- **Source material**

----------

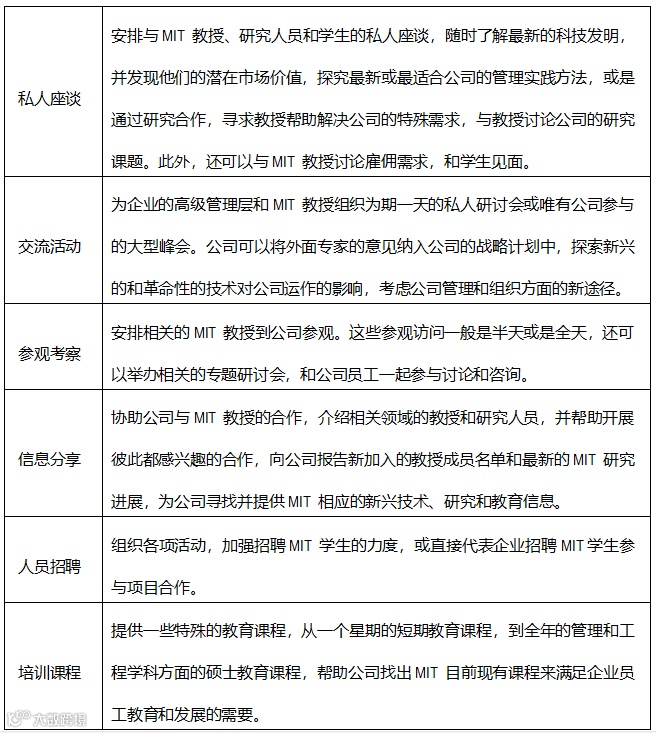 表2. 麻省理工学院全球产业联盟(MIT Industrial Liaison Program,MIT-ILP)服务内容
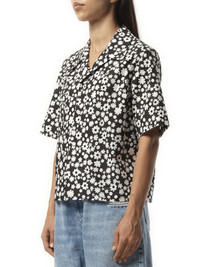 Marni's Flower Print Short Sleeve Shirt in Black features a striking floral pattern that adds a vibrant touch to your wardrobe. Made from lightweight cotton, it ensures comfort while keeping you stylish. A bold and trendy shirt that brings a fresh vibe to your casual looks. Composition: 100% Woven Cotton Relaxed fit for comfort All-over flower print for a standout style Model is 175 cm and wears size 38. SKU: CAMA0615S0UTC463 PFN99
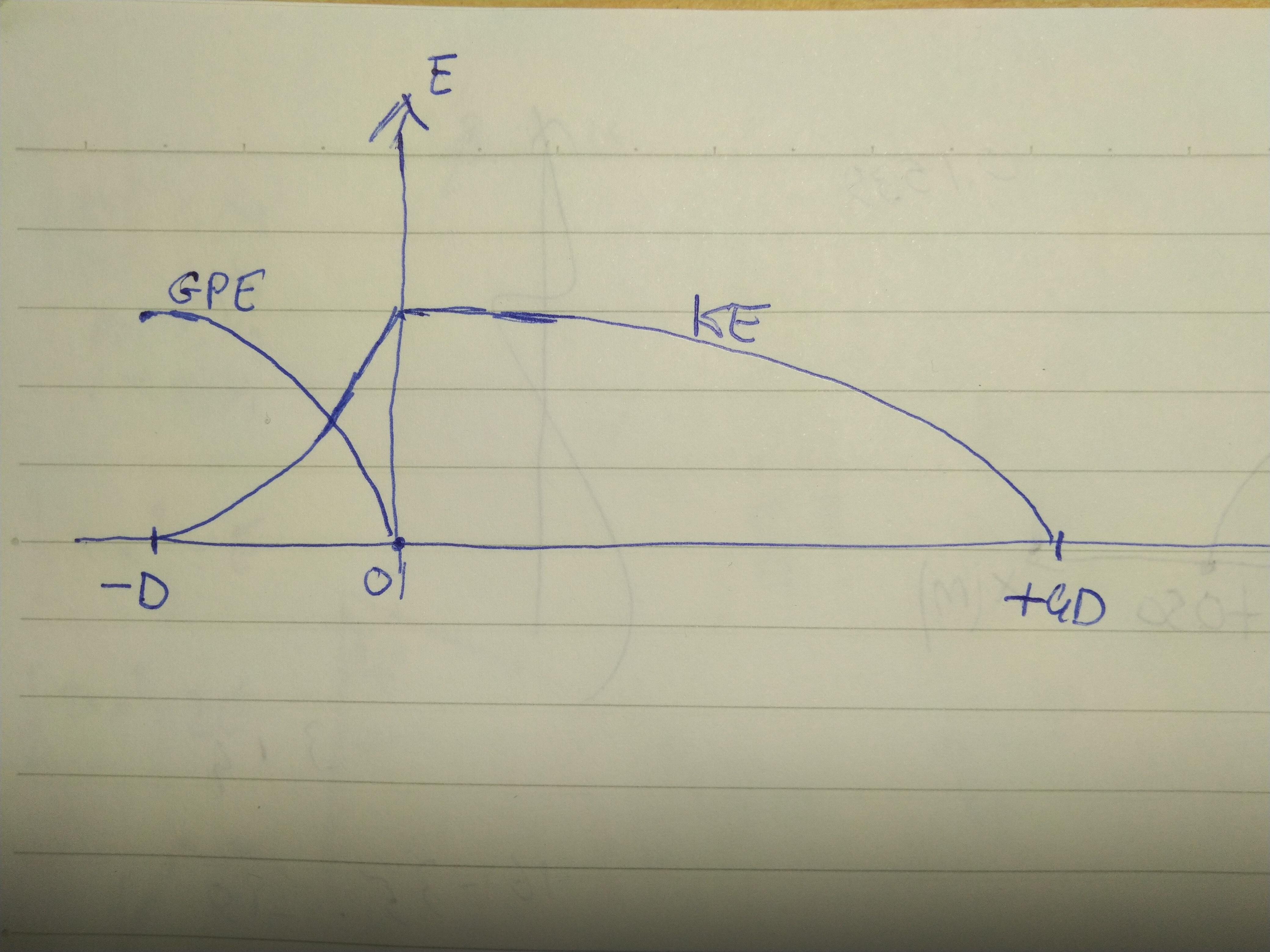 Find in attachment the graph showing the kinetic energy and the potential energy versus the position, x.

----------

- **What you need to do**
Reproduce the preceding material exactly, skipping pictures.

- **Answer**
 表2. 麻省理工学院全球产业联盟(MIT Industrial Liaison Program,MIT-ILP)服务内容
 Marni's Flower Print Short Sleeve Shirt in Black features a striking floral pattern that adds a vibrant touch to your wardrobe. Made from lightweight cotton, it ensures comfort while keeping you stylish. A bold and trendy shirt that brings a fresh vibe to your casual looks. Composition: 100% Woven Cotton Relaxed fit for comfort All-over flower print for a standout style Model is 175 cm and wears size 38. SKU: CAMA0615S0UTC463 PFN99
 Find in attachment the graph showing the kinetic energy and the potential energy versus the position, x.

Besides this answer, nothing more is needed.